----- Supplied records
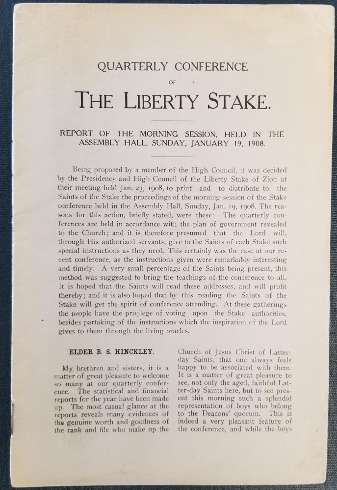 Quarterly Conference of The Liberty Stake. Report of the Morning Session, Held in the Assembly Hall, Sunday, January 19, 1908
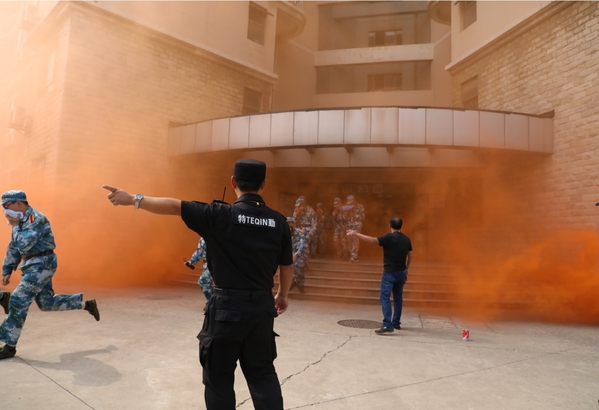 “演练开始!”随着演练总指挥一声令下,南航将军路校区高层学生公寓7楼一间宿舍浓烟滚滚,并形成敞开式燃烧,蔓延至着火层的上下层,随即公寓内响起了阵阵火灾警报声。火灾现场烟雾弥漫,宿舍管理员在接到学生报警电话并确认火情后,立即向学校保卫处和公寓服务中心领导报警,并携带消防器材,迅速组建义务消防队,引导楼内全体师生紧急疏散逃生,同时联合保卫处巡逻队员开展火灾扑救。
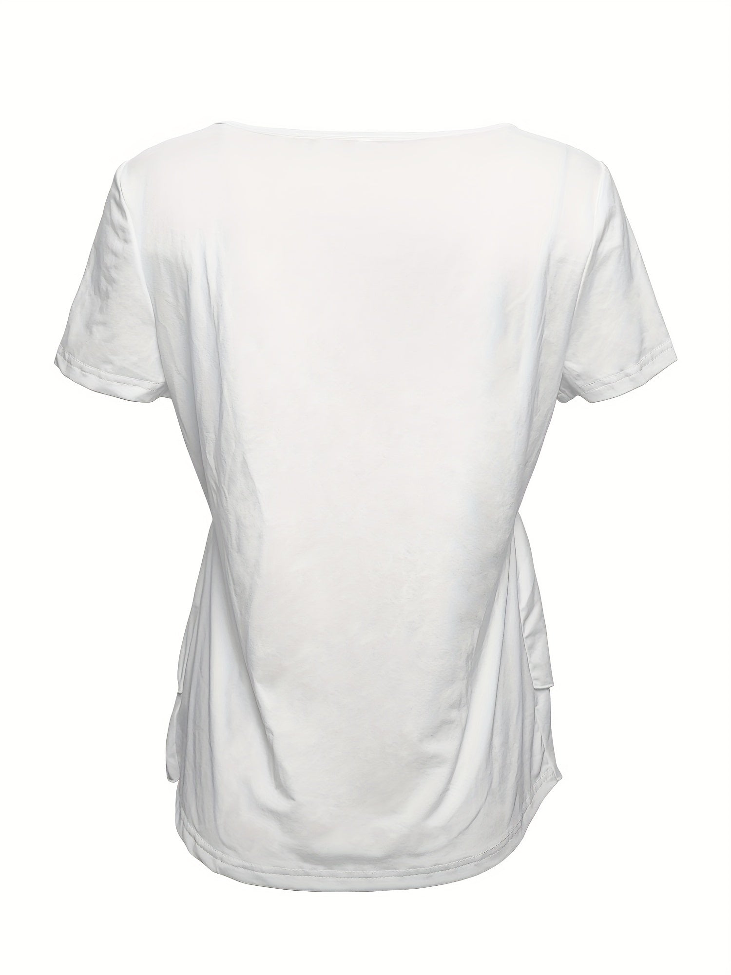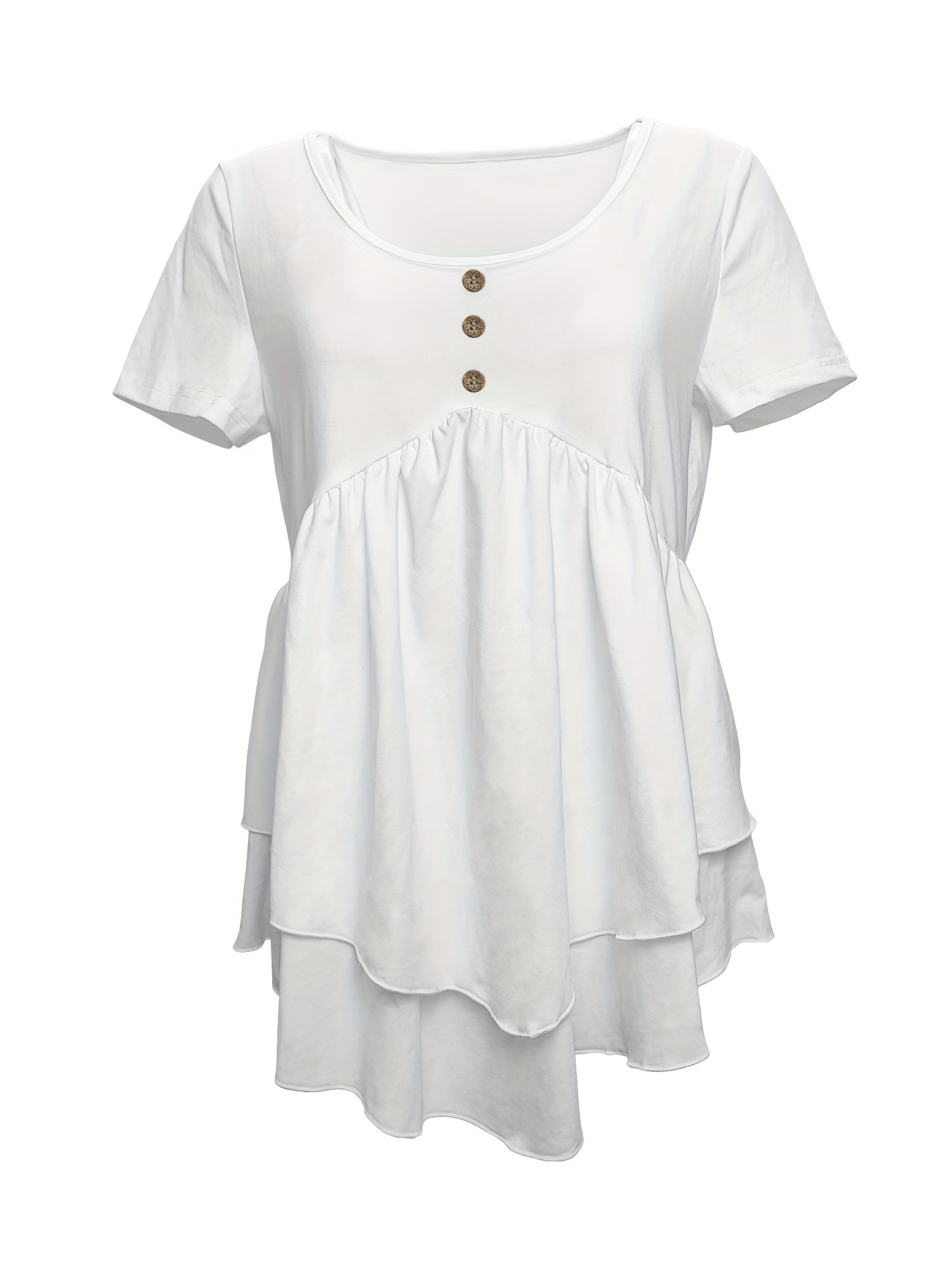 Camiseta de gola redonda de cor sólida, blusa flare com botões na frente e em camadas para primavera/verão.
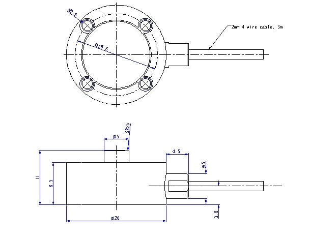 FBC20A-50N-2 | Force transducer, 20 diameter, 50N capacity |
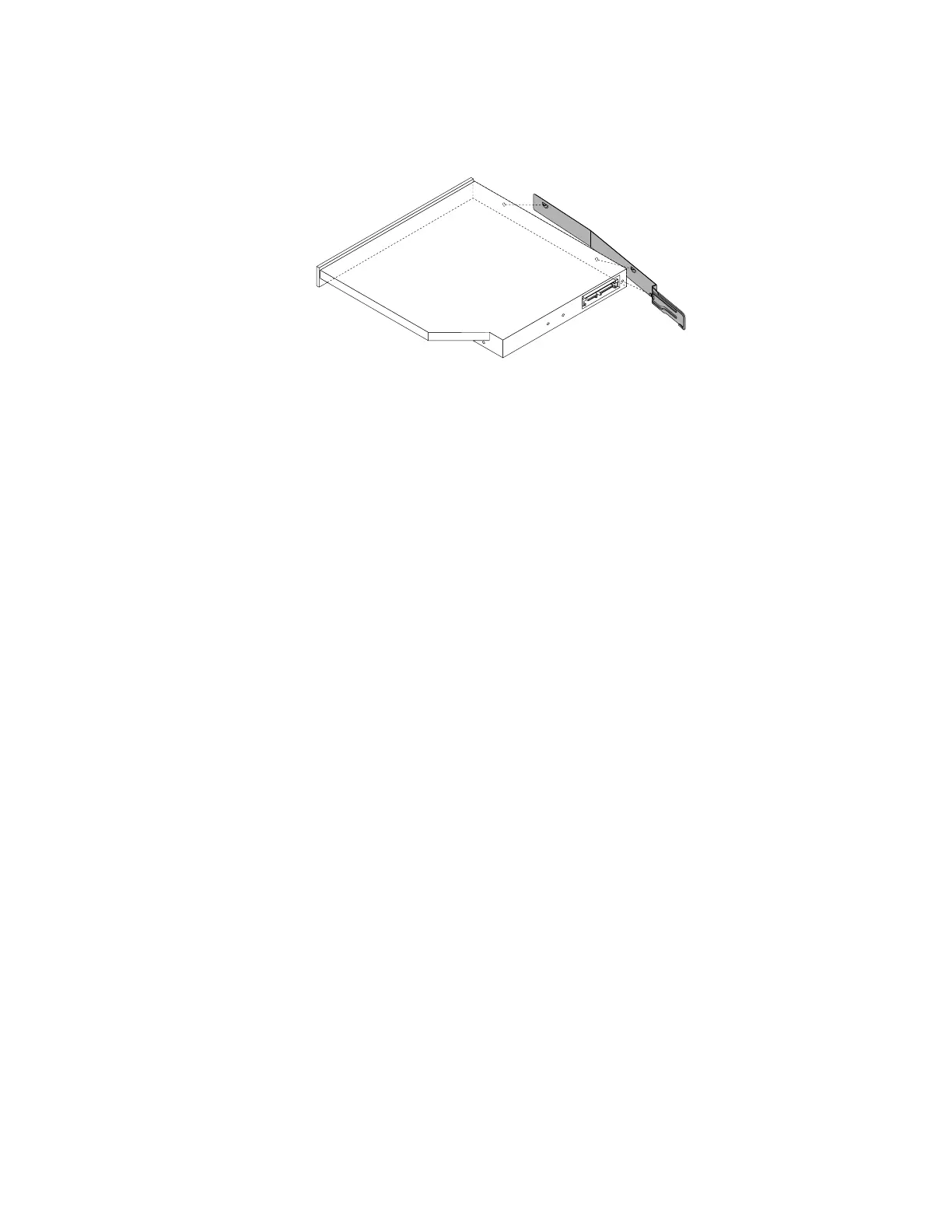 7.Removetheretainingbracketfromtheoldopticaldriveorthedummyopticaldrivetray.Then,installit
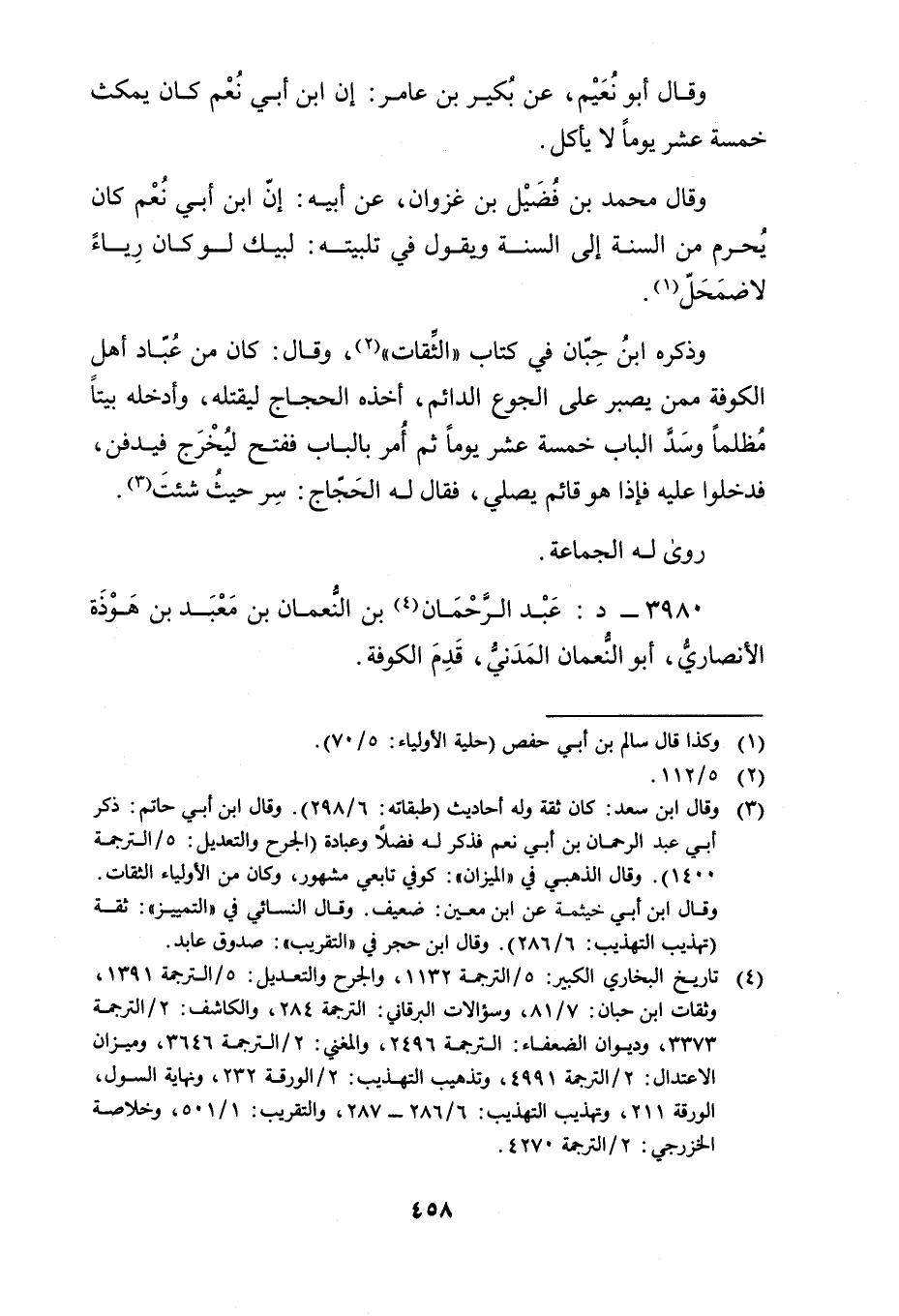 (3) وَقَال ابن سعد: كان ثقة وله أحاديث (طبقاته: 6 / 298) . وَقَال ابن أَبي حاتم: ذكر أبي عَبْدُ الرَّحْمَنِ بْنُ أَبي نُعْمٍ فذكر له فضلا وعبادة (الجرح والتعديل: 5 / الترجمة 1400) . وَقَال الذهبي في "الميزان": كوفي تابعي مشهور، وكان من الاولياء الثقات. وَقَال ابن أَبي خيثمة عن ابن مَعِين: ضعيف. وَقَال النَّسَائي في "التمييز": ثقة (تهذيب التهذيب: 6 / 286) . وَقَال ابن حجر في "التقريب": صدوق عابد.
----------
§ What you will do
Write out the full listing verbatim, excluding its pictures.

§ Exercise solution
 Quarterly Conference of The Liberty Stake. Report of the Morning Session, Held in the Assembly Hall, Sunday, January 19, 1908
 “演练开始!”随着演练总指挥一声令下,南航将军路校区高层学生公寓7楼一间宿舍浓烟滚滚,并形成敞开式燃烧,蔓延至着火层的上下层,随即公寓内响起了阵阵火灾警报声。火灾现场烟雾弥漫,宿舍管理员在接到学生报警电话并确认火情后,立即向学校保卫处和公寓服务中心领导报警,并携带消防器材,迅速组建义务消防队,引导楼内全体师生紧急疏散逃生,同时联合保卫处巡逻队员开展火灾扑救。
 Camiseta de gola redonda de cor sólida, blusa flare com botões na frente e em camadas para primavera/verão.
 FBC20A-50N-2 | Force transducer, 20 diameter, 50N capacity |
 7.Removetheretainingbracketfromtheoldopticaldriveorthedummyopticaldrivetray.Then,installit
 (3) وَقَال ابن سعد: كان ثقة وله أحاديث (طبقاته: 6 / 298) . وَقَال ابن أَبي حاتم: ذكر أبي عَبْدُ الرَّحْمَنِ بْنُ أَبي نُعْمٍ فذكر له فضلا وعبادة (الجرح والتعديل: 5 / الترجمة 1400) . وَقَال الذهبي في "الميزان": كوفي تابعي مشهور، وكان من الاولياء الثقات. وَقَال ابن أَبي خيثمة عن ابن مَعِين: ضعيف. وَقَال النَّسَائي في "التمييز": ثقة (تهذيب التهذيب: 6 / 286) . وَقَال ابن حجر في "التقريب": صدوق عابد.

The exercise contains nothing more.